What kind of organization do you want to work in?

‘Social enterprise’, ‘networked enterprise’, ‘learning culture’ and many more related buzzwords are flying around at the time being and influencing the professional literature and conferences.  What perhaps makes these themes different, to their predecessors, is that it is clear they cut across traditional disciplines as, arguably, the first big shift of power away from IT departments since their creation.

Tools such as ThisWorkedWell offer, on the face of it, walled garden knowledge capture and dissemination.  For many organizations this would have been the responsibility of knowledge/information departments in the past.  However, such new tools recognize the value in collaboration for learning and efficiency, thus rethinking workplace learning and communications.

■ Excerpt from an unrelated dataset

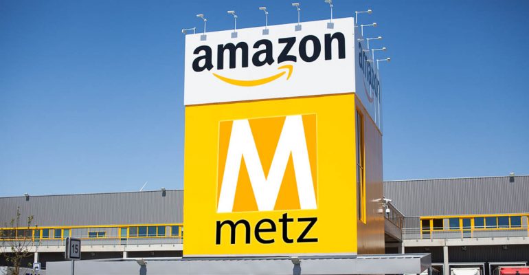 Pour faire tourner cet entrepôt, et pour poursuivre sa croissance hexagonale, Amazon a déjà recruté plus d'une centaine de salariés à Metz. D'ici 3 ans, ils devraient être plus de 1000, en CDI. Le groupe emploie également, pendant les périodes de pic d'activité comme le mois précédant les fêtes de fin d'année, des intérimaires. Ce centre de distribution contribuera aussi à créer des emplois indirects dans la région. Fin 2021, Amazon emploiera au total 14 500 CDI en France. Ce sont ces embauches nombreuses que le groupe fait miroiter aux communes qui acceptent l'implantation – parfois controversée – de ces entrepôts géants sur leur sol.
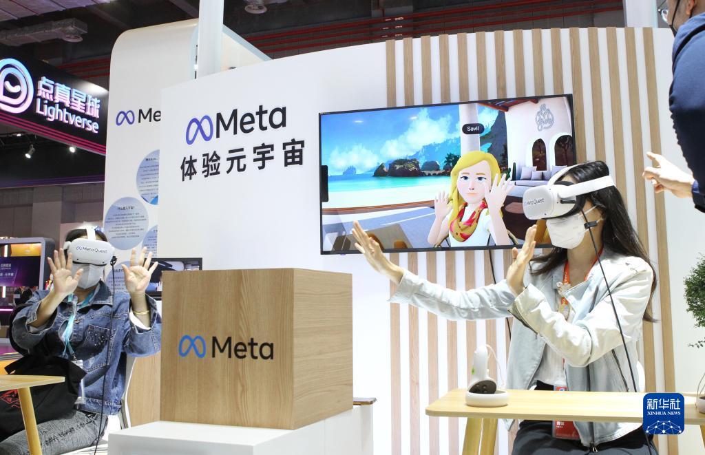 11月7日,在第五屆進博會技術裝備展區(qū)的人工智能專區(qū),體驗者借助VR頭戴設備感受在虛擬工作空間“隔空擊掌”。新華社記者 侯俊 攝

The mobile, BYOD, nature of many of these tools arguably democratize the workforce, albeit with the need for some staff to “let go of control“.  A point in that “let go of control” article, about Google’s environment, is that transparency is key.

Ultimately the questions over all of these related areas, for me, come back to “what kind of organization do I want to work in?” My answer would have to include characteristics such as the organization:

  • being transparent,
  • recognizes learning happens all the time,
  • encourages and supports value from people reflecting upon, and sharing, their work with others,
  • having efficient and effective communication platforms (as advocated on this ‘engaged worker’ infographic),
  • make use of my data as appropriate (for example, could you expose my twitter data – as in Gwittr profile below – to my colleagues to show my areas of interest?),
  • recognizes the value in play (such as the social areas in Google offices) and skills from activities such as playing video games.

What I am really talking about here is knowledge work and I have to agree with much from Jarche.com.  This of course relates to corporate culture and much more, again cutting across traditional theoretical disciplines.  An interesting time, especially for organisational design professionals.